When the guilty verdict was delivered, a packed courtroom erupted into an uproar. According to one person in the audience, Cecily's supporters:

were immediately suppressed by the police and threatened with arrest for contempt of court. Police physically forced all present into the hallway and demanded they move on, corralling more vocal supporters into the hallway corners and forcing the rest to move into the elevators and out of the building. Outside the courthouse, we gathered to debrief and discuss next steps. Police were positioned outside to keep an eye on the crowd. I heard a cop tell one supporter--an army veteran who served in Bosnia--to "get a fucking job."


THE VERDICT against Cecily McMillan is only the most recent and dramatic of reprisals against Occupy activists, including the coordinated suppression of Occupy protests that was ordered in most cities by Democratic mayors. McMillan, arrested with 73 others on the movement's six-month anniversary, counts as just one of the 7,765 total Occupy activists arrested since the launch of the movement on September 17, 2011--though the vast majority of those arrested ultimately had their charges thrown out.

The officer who Cecily says assaulted her, Grantley Bovel, also faces a lawsuit by another Occupy activist, Austin Guest, who was arrested on the same night as Cecily. Guest claims that after having been arrested, Bovel dragged him down the aisle of an NYPD bus, purposely slamming his head into each of the seats on the way down.

Unsurprisingly, Bovel's history of police violence doesn't end with Occupy. He was also implicated in a 2010 incident where he and his partner, in an unmarked squad car, allegedly ran down a 17-year old boy on a bike, resulting in serious head injuries for the adolescent. In another 2010 incident, Bovel was filmed in a Bronx bodega kicking a suspect lying on the ground.

Astonishingly, the judge presiding over Cecily McMillan's trial found these incidents of violence to be irrelevant to the case and would not allow them to be presented. The only aspect of Bovel's history allowed to be presented in court was his involvement in a 2011 ticket-fixing scandal in the Bronx.
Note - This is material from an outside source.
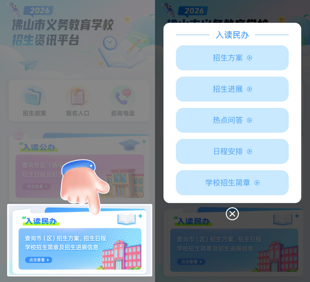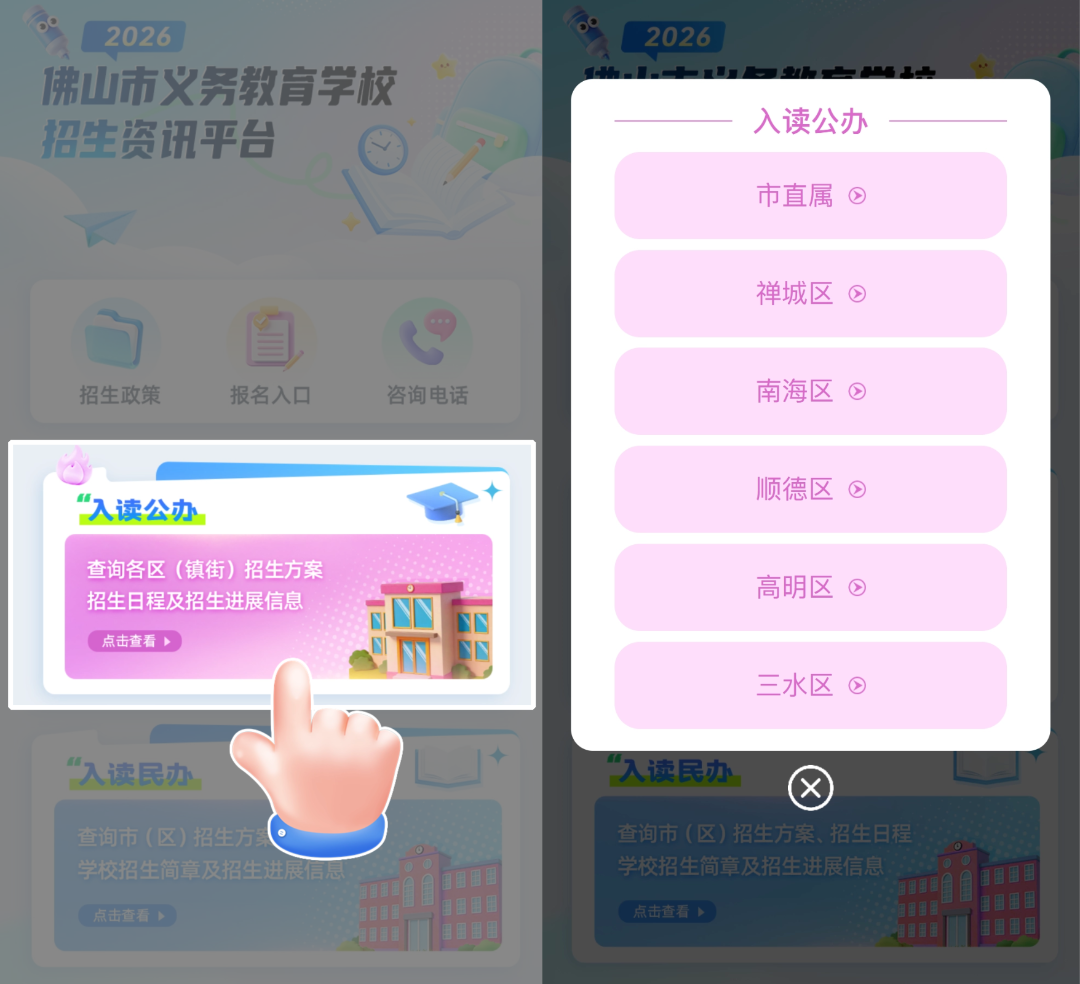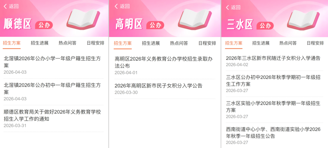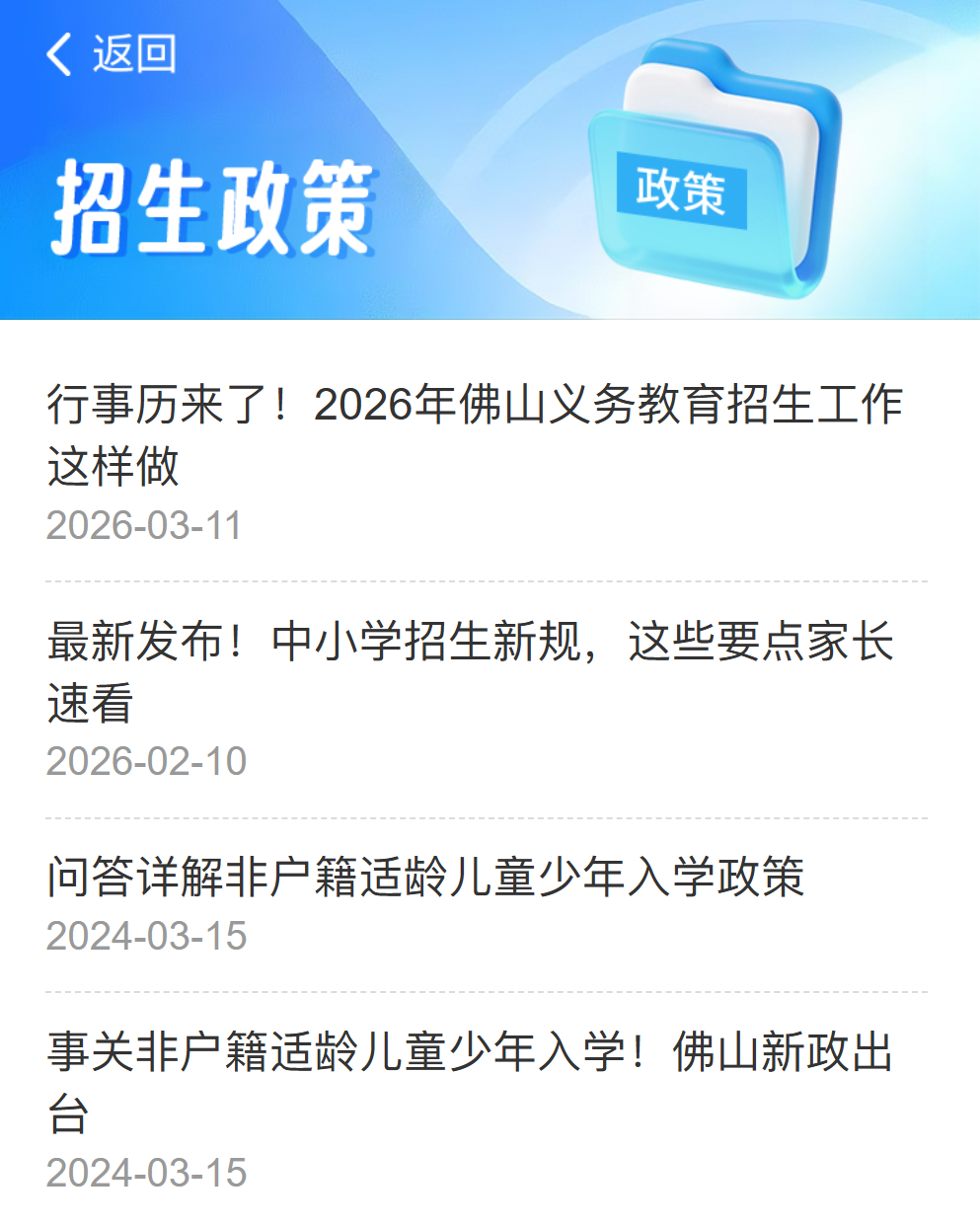 2026年佛山市义务教育学校招生资讯平台滚动更新全市五区招生政策、招生方案、热点问答、日程安排、报名入口、学校招生简章等内容,帮助广大家长在升学季掌握权威、完整一手资讯信息。说明:部分内容将根据义务教育招生工作安排持续更新,敬请留意最新动态。

Bovel's sordid history of police violence shows the connection between the repression of Occupy and the daily police violence and humiliation experienced by people of color in New York City and beyond. As Sarah Jaffe pointed out in an article in In These Times, despite reforms limiting the use of stop-and-frisk in New York, it is still a daily reality for people of color in neighborhoods across the city. The hopes of many that new Democratic Mayor Bill de Blasio would end these practices were dashed when he nominated William Bratton, the architect of stop-and-frisk and New York's so-called "broken windows" policy, as police commissioner.

As Michelle Alexander points out in her book The New Jim Crow, very few stop-and-frisk cases make it to court to be heard by a jury, as defendants are pressured to make plea deals in order to avoid lengthy prison sentences. In Cecily McMillan's case, she was offered a plea bargain that would have allowed her to plead guilty to assault in order to avoid jail time--but she refused to accept it.

Cecily's courage was no doubt a huge factor in her willingness and ability to fight her case. It's important to take note that having a movement like Occupy to back her up and draw out a strong support team was decisive in helping to do this. While this may not have been sufficient to win in court, the support of activists and others dedicated to her case will be necessary to build a movement to prevent her from being sent to prison.

The case will certainly be appealed, and the Justice for Cecily team will be organizing a campaign to win back her freedom. This has already begun with a rally and vigil held in Zuccotti Park on the evening of the verdict. It will take the sustained efforts of activists who are in solidarity with Cecily and the goals of Occupy to build the political pressure we need to win justice.